Climate change isn’t just about the world getting warmer — it’s about the increase of adverse weather patterns across the globe. Intensifying hurricanes, rising sea levels and damaging wildfires are just a few events which can be attributed to climate change. Since different aspects of the changing climate pose different, specific threats to people and businesses, they all require a unique insurance approach.
Here’s how independent agents across markets and geographies can understand their client base and create the right policy solutions.
Understanding Climate Change
First and foremost, independent agents must understand the impact of changing weather patterns on their market. It isn’t as simple as the weather just getting warmer.
“Uncharacteristically cold winters just might be one of the most hard felt effects of climate change,” points out National Geographic writer Sarah Gibbens. She highlights a study which found that melting ice and warmer temperatures in the Arctic coincide both with lower precipitation in the south central U.S. and unusually cold temperatures in northern North America.
This shows that climate change doesn’t just causes hot weather, but weather extremes across all kinds of climates. How exactly does this work?
Climate change affects weather because it intensifies the water cycle, The Climate Reality Project explains. “As the world warms, the rate of evaporation from our oceans seems to be increasing, powering ever-stronger storms.”
This pattern is what caused Hurricane Harvey, for example. First, Harvey moved across abnormally warm waters in the Caribbean and the Gulf of Mexico. Since warm water evaporates faster than cold water, the storm was able to collect more rain than usual from these bodies of water. When it finally moved over Houston, Harvey had significantly more rain than hurricanes typically hold, causing more flood damage than usual.
Because climate change brings a host of extreme weather patterns across varying geographies, independent insurance agents must understand how it affects their specific market. Creating auto, home and business policies that cater for a warmer climate only simply aren’t advanced enough to compensate for the variability of weather risks.
Assessing Market Risks and Creating Incentives
Different insurance markets will be affected by climate change in different ways. Insurers are already using price discrimination to adapt to these differences, journalist Geoff Williams writes. So, earthquake insurance is much higher in a place like Seattle, where earthquakes are common, than a place like Topeka, Kansas, where they are rare.
Besides assessing risks specific to location, independent agents should also provide incentives, a practice major insurers follow. Homeowner insurance providers actually reward customers who make changes to prevent losses, investigative reporter Jeff Blyskal notes at Consumer Reports.

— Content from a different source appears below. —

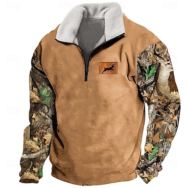 Homens floresta Veado Moletom Moletom com zíper Manga Longa Moletom Colarinho Chinês Quarter Zip Casual Vintage retrô Impressão 3D Férias Para Noite Streetwear Half Zip Outono Inverno

Home, auto and life insurance company USAA offers a discount to people in firewise communities. These are areas at high risk for wildfires, but are recognized by the National Fire Protection Association for the steps taken by residents to prevent loss. Removing brush, vegetation and other potential kindling helps homeowners prevent fires near their homes, and reduces their home and fire insurance premiums.
Florida is another example where geographic-related incentives can be offered to homeowners who protect their homes from storms. Installing hurricane straps on their roofs, for example, is one way to minimize the damage caused by a hurricane, insurtech business developer Marty Agather says. It’s a small change, but it can give residents a break on their insurance premiums.
Volatile Weather and Changing Customer Needs
Changing and intensifying weather patterns mean that many people and businesses will be looking for new and more thorough types of coverage. This is especially true for customers who have already experienced damaging events, such as hurricanes and wildfires, in recent years. These customers will be looking for policies that account for the potential weather events that are known or predicted to happen where they live.
Despite the recent onset of more intense weather events, the overall impact of climate change varies greatly from decade to decade. The number of tropical storms that make landfall, for example, can be much higher over the next few years and then dissipate for a while before increasing again.
Insurance agents have a responsibility to stress that this ebb and flow is simply the nature of change, economist Kathleen Miller, Ph.D. tells CFO Magazine. “People get lulled into a false sense of security when we go through a quiet period. While there are questions as to the number of hurricanes [there will be over time], results of work done in this area indicate that the ones that do form will be more intense and damaging.”
Catering to Customers With Geographic Data
So how can insurance agents cater to both of these types of customers?
Leveraging geographic data is the answer. Detailed and accurate data collection can help independent insurance agents make a case for why certain policies are needed in specific locations, especially when dealing with people who don’t believe in climate change.
Using data to assess the risk of climate-related events can help agents create new, incentivized products that address all customers. Let’s say your market comprises a number of coastal communities in Florida, for example. Homeowners might be reluctant to buy or sell in the area due to the increasing threat of hurricanes, rising sea levels and other climate change-related events.
Different insurance premiums between coastal areas and non-coastal areas or homes located at higher elevations could made it possible for homeowners to stay or buy near the sea. In fact, some insurers are exploiting geographically-refined data to estimate the risk of specific land parcels, Matthew E. Kahn, Ph.D., Brian Casey and Nolan Jones at Harvard Business Review explain. “Aviva Insurance uses detailed topographical data to assess varying flood risks for coastal houses, such as those at the tops of hills versus houses at lower elevations.”